No API keys required.
### Workflow Setup Guide
- Login: Open `https://` and log in to Sim UI
- Create a New Workflow: In the left panel, click **"+"** to create a new workflow
- Add Agent Block: Click the new workflow -> right panel -> **Toolbar** -> **Blocks** -> click on **Agent**
- Connect Blocks: **Start** and **Agent** blocks are automatically connected on the canvas
- Configure the Agent: Click **Agent** block -> select **`llama3.2:3b`** by scrolling down under **Model**
- Enter a Prompt: In **Messages** box, type your prompt
- Run: Click green **Run** button on top right
- View Response: Output appears in the **Output** panel at the bottom
> **Note:** Response time may take 1-3 minutes depending on server hardware.
---
## Useful commands
Check Sim container status:
docker compose -f /opt/sim/docker-compose.prod.yml ps
View Sim logs:
docker compose -f /opt/sim/docker-compose.prod.yml logs -f
Check Sim service:
systemctl status sim
Check nginx service:
systemctl status nginx
Restart Sim:
systemctl restart sim
Pull latest Sim images and restart:
cd /opt/sim && docker compose -f docker-compose.prod.yml pull && systemctl restart sim
View systemd journal for Sim:
journalctl -u sim -n 100 --no-pager
Verify listening ports:
ss -tulnp
Check Ollama status:
systemctl status ollama
List available models:
ollama list
Test Ollama responds:
ollama run llama3.2:3b "hello"
## Minimum Resources
| Resource | Minimum |
|----------|----------|
| CPU | 4 vCPUs |
| RAM | 16 GB |
| Disk | 100 GB |
Running Sim on an instance with less than 16 GB of RAM will likely result in out-of-memory errors during the first boot or under load.
## Notes
- All secrets are generated fresh on every new instance. The .env file in the image contains only placeholders.

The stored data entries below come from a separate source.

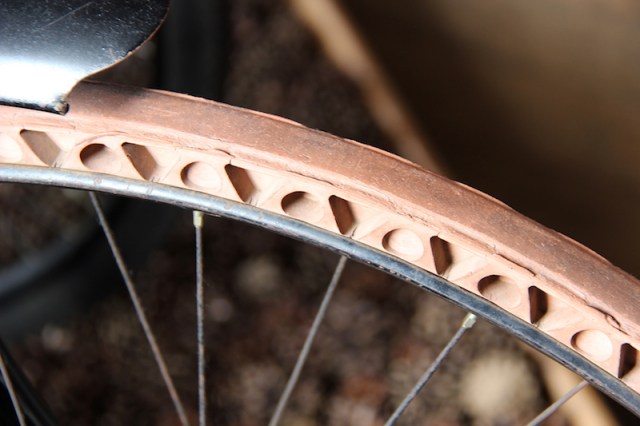 An older version of the Tannus. Note the metal staple holding the tyre joint together. On display in the Velo Museum.
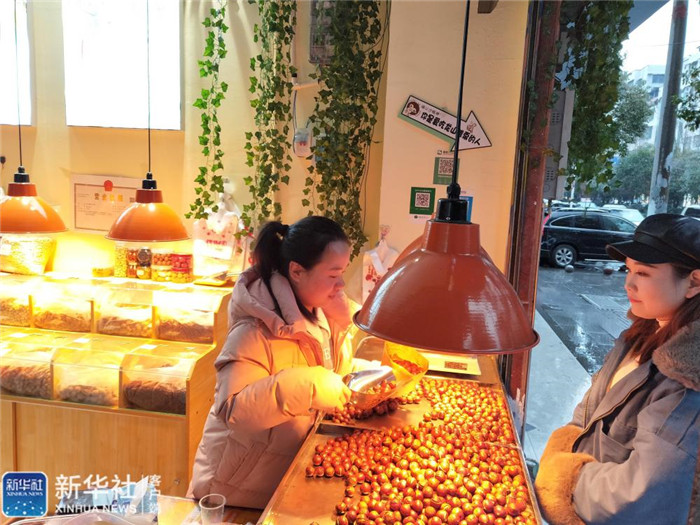 ↑这里是吴添春在龙山县城开的糖炒锥栗店,她正在为顾客包装加工好的锥栗。(受访者提供)
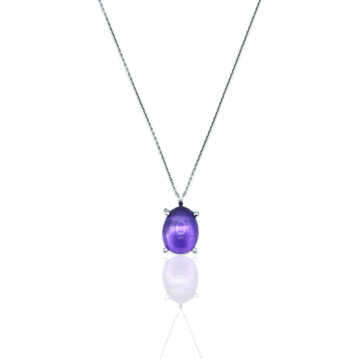 Superoro // 18K White Gold Diamond + Amethyst Necklace // 17" // New
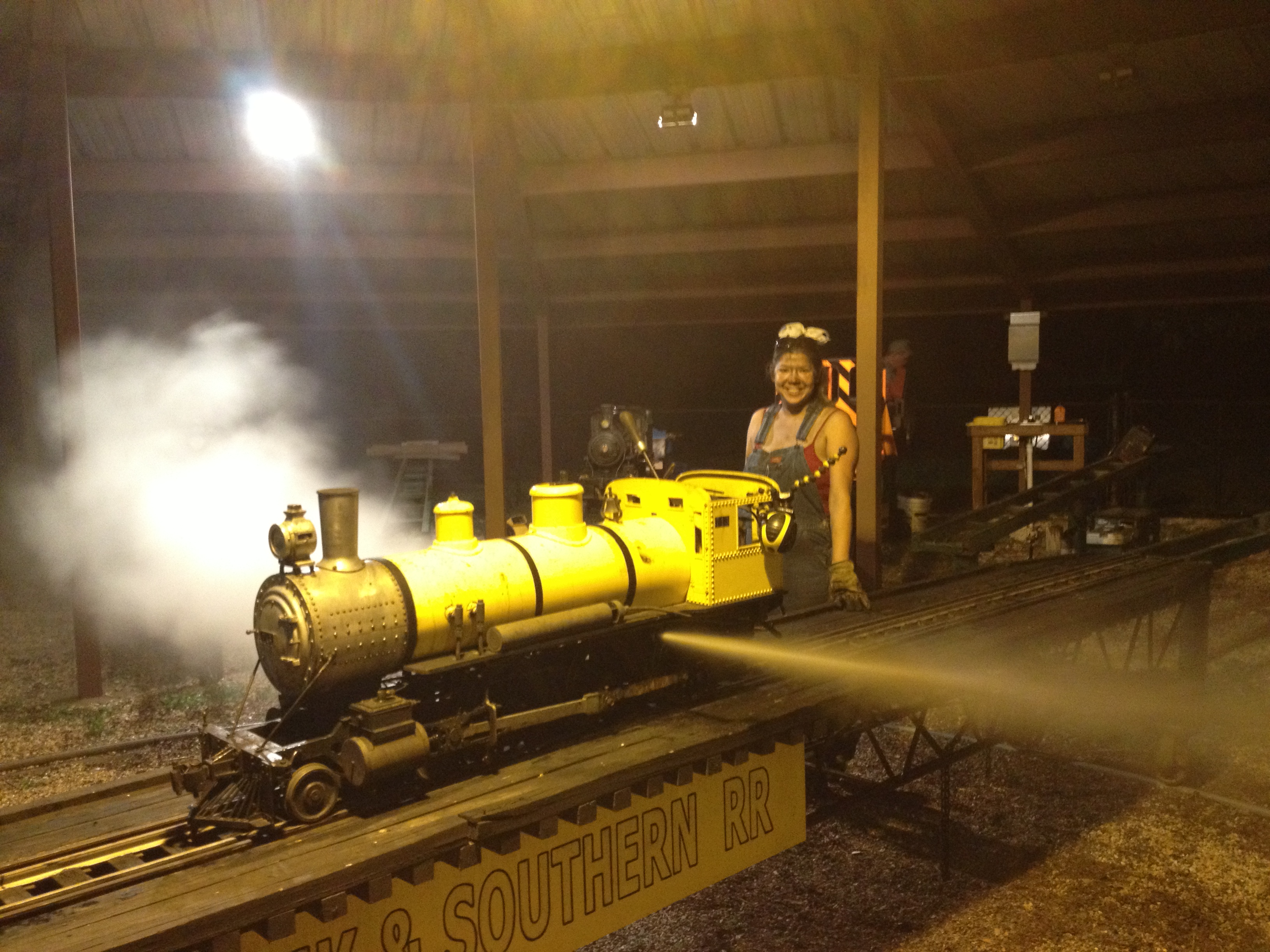 Kari Wirth at the engine shed of HALS, blowing down her Mogul. This locomotive belonged to her grandfather, Harry Simpson, and was blue when he ran it. It was built by Harold Christensen. Photo by Daris Nevil, May 2013.
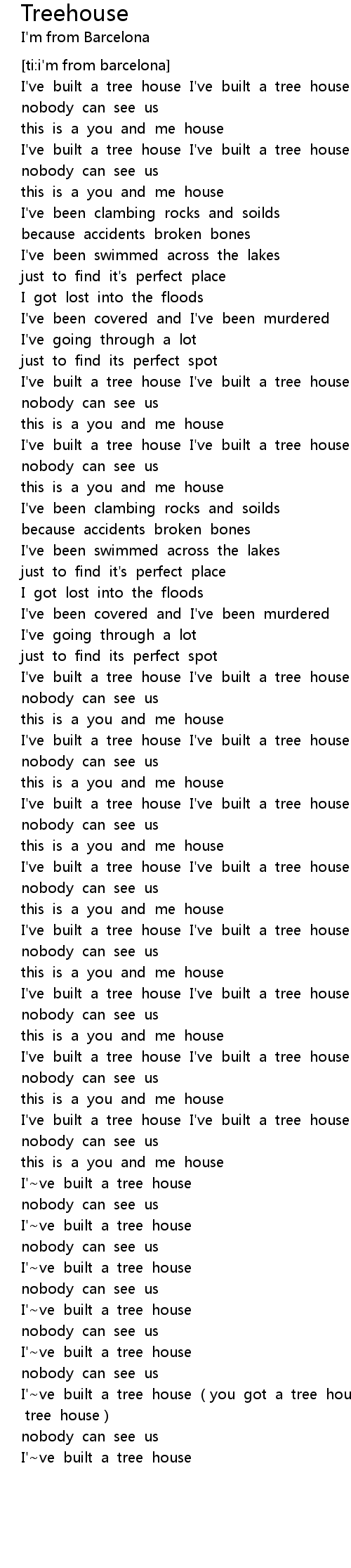 | [04:36.890] | I' ve built a tree house you got a tree house tree house tree house |
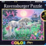 Objavte čaro série COLOR STAR LINE: neónové, fluorescenčné puzzle s motívom jednorožcov pri splne, ktoré sa po nasvietení rozžiaria v tme. Vďaka XXL dielikom sa puzzle pohodlne skladá aj mladším deťom a podporuje sústredenie, logické myslenie a jemnú motoriku.
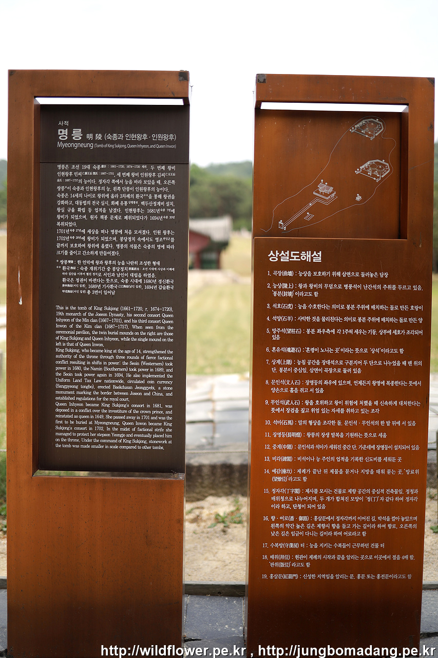 좌측의 홀로 있는 능은 숙종의 세번째 왕비인 인원왕후, 우측의 쌍릉이 숙종, 두번째 왕비인 인현왕후입니다.
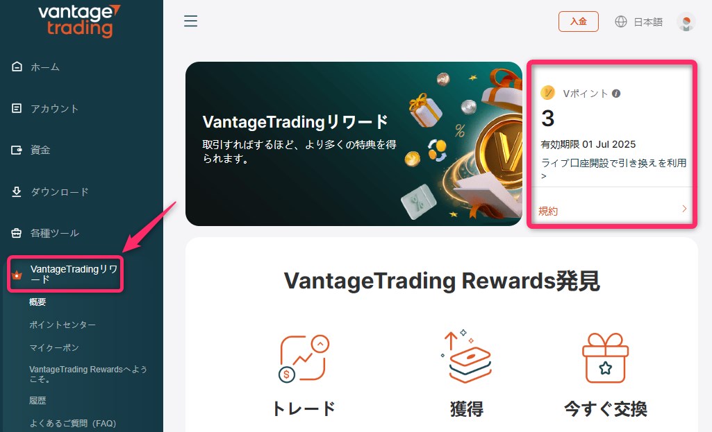 マイページの左側にある「Vantage Tradingリワード」をクリックします。会員ランクとVポイントの獲得数が表示されます。
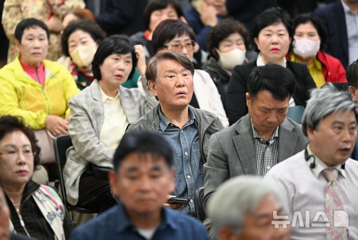 [광주=뉴시스] 이현행 기자 = 더불어민주당 전남광주통합특별시장 결선 발표 날인 14일 오후 광주 서구 광천동 김영록 후보 캠프에서 김 후보 지지자들이 결선 패배 후 믿을 수 없다는 표정을 짓고 있다. 2026.04.14. [email protected]
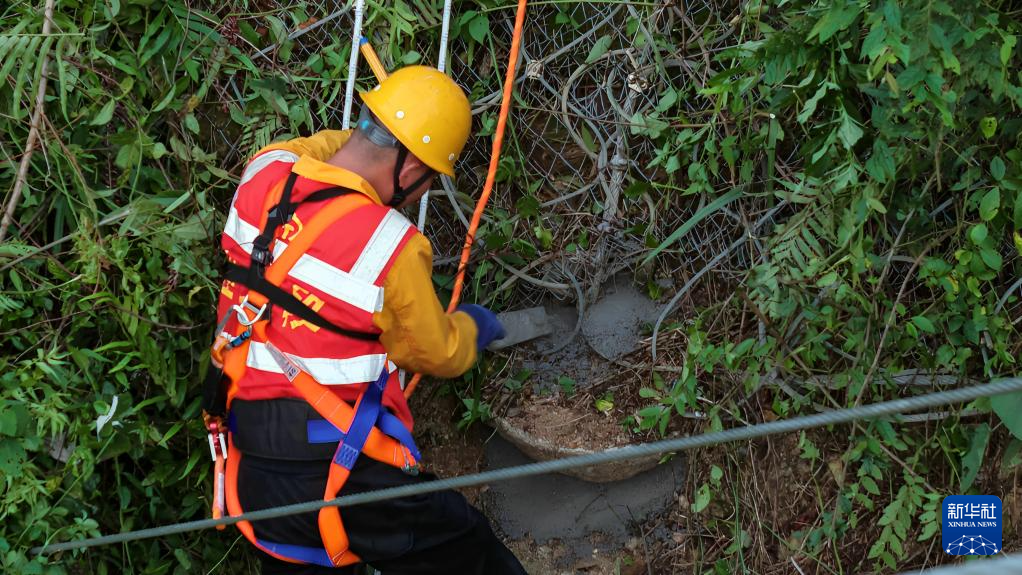 橋隧工人巡查隧道頂部的被動網(wǎng)(7月15日攝,無人機照片)。

- PostgreSQL and Redis are not exposed externally. They are only reachable within the Docker Compose network.
- Logs are written to /var/log/sim-onboot.log for first-boot events and to Docker container logs for runtime events.
- The Sim UI is served on port 443 (HTTPS). Port 80 redirects to HTTPS automatically.
- NVIDIA Container Toolkit is pre-installed to support GPU-accelerated model inference if the instance has a GPU.
- Ollama is pre-installed with llama3.2:3b. In Sim, select Ollama as the provider and pick llama3.2:3b to use the local model without any API keys.
- Ollama runs on the host and is accessible to Sim via the Docker bridge gateway. The OLLAMA_URL is set automatically on first boot.
## Links
**Sim**
* Manage: [https://{server_ip}](https://{server_ip})
* Documentation: [https://docs.sim.ai](https://docs.sim.ai)
* GitHub: [https://github.com/simstudioai/sim](https://github.com/simstudioai/sim)
* Website: [https://sim.ai](https://sim.ai)
* Docker CE: [https://docs.docker.com/engine/install/ubuntu/](https://docs.docker.com/engine/install/ubuntu/)
* pgvector: [https://github.com/pgvector/pgvector](https://github.com/pgvector/pgvector)
* Ollama: [https://ollama.com](https://ollama.com)
* Ollama Model Library: [https://ollama.com/library](https://ollama.com/library)
* Sim Self-Hosting Docs (Ollama): [https://docs.sim.ai/self-hosting/docker#ollama](https://docs.sim.ai/self-hosting/docker#ollama)
root@server-123456:~# cat /var/log/sim-onboot.log
Summary
This guide shows you how to quickly set up Sim, a powerful testing and automation tool, using the Bluehost VPS one-click installer. Keep in mind that using this installer completely overwrites your server and permanently deletes all existing files and data.